Oakland came in next and were beaten in 2 of the 3 games played. On May 25th, a 12 to 2 win, the Sox had five RBIs and four runs by Mark Bellhorn; a double and a two-run homer by Manny; four hits, including two doubles, by David Ortiz; three hits from leadoff man Johnny Damon; Jason Varitek getting on base five times; and rookie third baseman Kevin Youkilis, reaching four times. Then, in the next game on May 26th, with the Sox clinging to a 6 to 5 lead in the sixth, Varitek broke the game open with a three-run blast over the Monster, for a 9 to 6 win.

The Mariners were beaten on May 28th when David Ortiz connected for his second grand slam of his eight-year major league career, propelling the Red Sox to a 8-4 win.

On May 30th, Curt Schilling pitched his heart out before he lost his bid for a perfect game with two outs in the sixth inning. Keith Foulke also tried mightily to extend his perfect streak of 24 straight saves, only to have his magical run blow up on him. But it was David McCarty's majestic swing that won the game, 9 to 7, in the 12th inning.

Dave McCarty was an interesting story.  A utility man who also could pitch, he got a chance to pitch in relief during the home opener.
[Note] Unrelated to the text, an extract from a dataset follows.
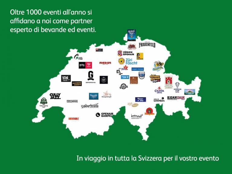 Siamo lieti di supportarvi con la nostra pluriennale esperienza nell'organizzazione del vostro evento. Vi accompagniamo dalla consultazione iniziale fino alla consegna e all'aspetto perfetto in loco. Con un'ampia gamma di bevande, attrezzature per eventi di alta qualità e una logistica che opera in tutta la Svizzera, siamo il partner ideale per il vostro evento.
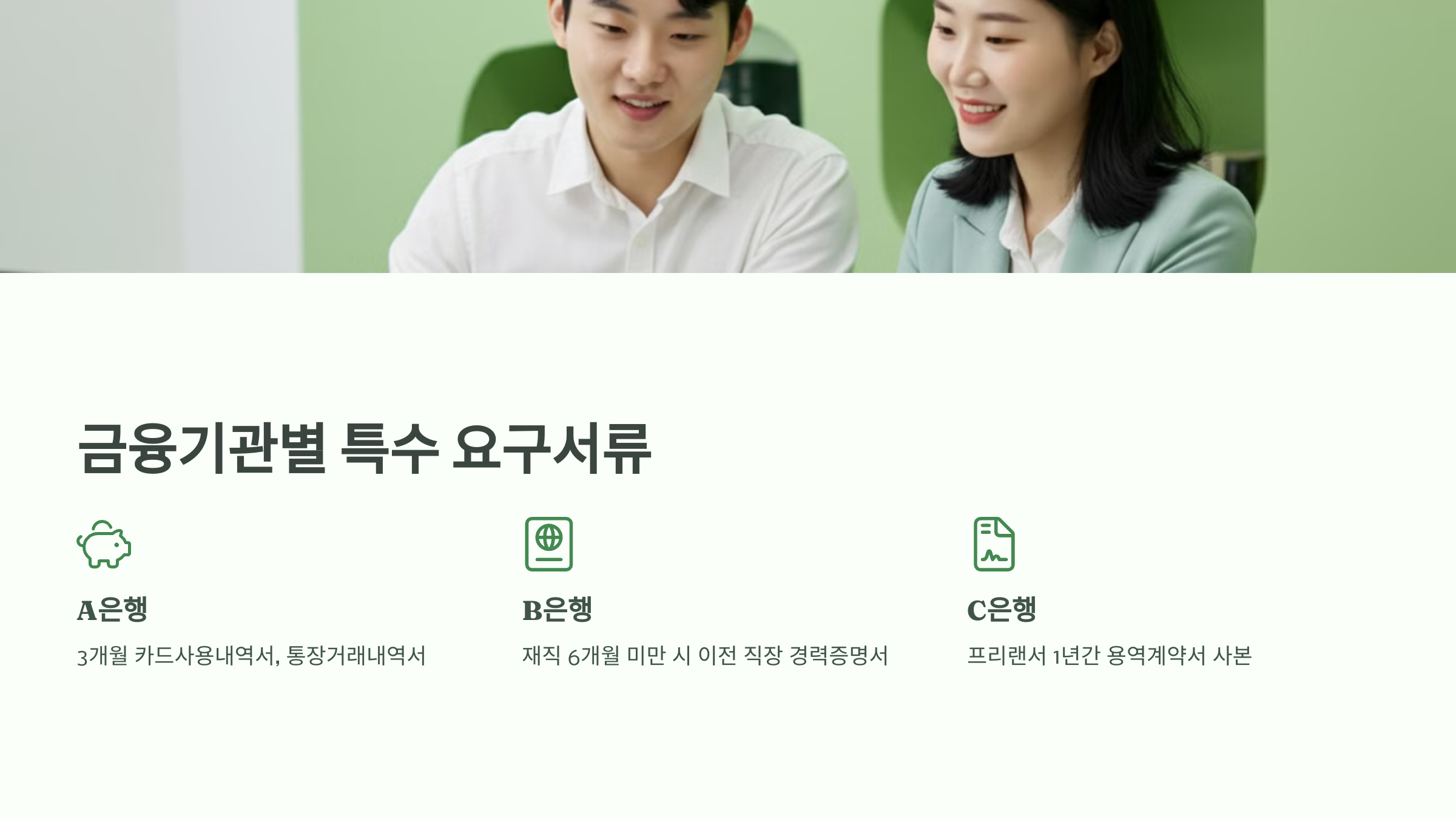 전월세 대출 취급 금융기관마다 요구하는 특수 서류가 있습니다. A은행의 경우 청년전용 전월세 대출 시 직전 3개월간의 카드사용내역서와 통장거래내역서를 요구하며, B은행은 재직기간 6개월 미만인 경우 이전 직장의 경력증명서를 추가로 요청합니다. C은행은 프리랜서의 경우 최근 1년간의 용역계약서 사본을 모두 제출해야 하며, D저축은행은 신용등급에 따라 추가 보증인 관련 서류를 요구할 수 있습니다.

The Sox (31-20) won 7 of their 10 games played in the homestand and finished the month of May tied for first place, before starting June on the west coast.

 

GAME LOG
  RECORD PLACE GB/GF OPPONENT SCORE  PITCHER W/L
05/21/2004 25-17 1st +1/2  Toronto Blue Jays W 11-5 Mike Timlin 3-1
05/22/2004 26-17 1st +1 1/2  Toronto Blue Jays W 5-2 Anastacio Martinez 1-0
05/23/2004 27-17 1st +1 1/2  Toronto Blue Jays W 7-2 Tim Wakefield 4-2
05/25/2004 28-17 1st +1 1/2  Oakland Athletics W 12-2 Curt Schilling 6-3
05/26/2004 29-17 1st +1 1/2  Oakland Athletics W 9-6 Derek Lowe 4-4
05/27/2004 29-18 1st +1/2  Oakland Athletics L 15-2 Bronson Arroyo 2-2
05/28/2004 30-18 1st +1/2  Seattle Mariners W 8-4 Pedro Martinez 5-3
05/29/2004 30-19 2nd -1/2  Seattle Mariners L 5-4 Tim Wakefield 4-3
05/30/2004 31-19 1st +1/2  Seattle Mariners W 9-7 Anastacio Martinez 2-0
05/31/2004 31-20 2nd -  Baltimore Orioles L 13-4 Derek Lowe 4-5
 


In Anaheim, the Sox started the month of June by losing two games and losing first place to the Yankees in the A.L. East. But they took 2 of 3 in Kansas City. On June 5th, David Ortiz helped shake the Sox out of their early June swoon when he cranked a first-inning fastball for a two-run homer. The blast propelled his mates toward an 8 to 4 victory. Mark Bellhorn and Kevin Youkilis also hit two-run homers.

The Sox came home to start inter-league play against the San Diego Padres. On June 8th, it was Pedro Martinez and Johnny Damon, with some nice defensive help from Manny and Pokey Reese, who combined to propel the Sox in a 1 to 0 nail-biter. In his finest outing of the season, Pedro (6-3) blanked the Padres on two hits, a walk and a hit batsman over eight innings. Damon rifled a double into the right-field corner, with two outs in the seventh inning, to drive in Gabe Kapler with the game's only run.

Nomar Garciaparra returned to the lineup from the Achilles' injury on June 9th. And on June 10th, with the Sox leading, 3-1, and the bases loaded, Nomar doubled in his first two runs of the season, with a drive high off the Wall to break the game open, as the Sox scored five runs in the inning, en route to a 9 to 3 rout.

On June 11th, David Ortiz gave the Red Sox a 1 to 0 lead with a seventh-inning home run, then singled home Johnny Damon with the winning run in the ninth, in a 2 to 1 win over the Dodgers.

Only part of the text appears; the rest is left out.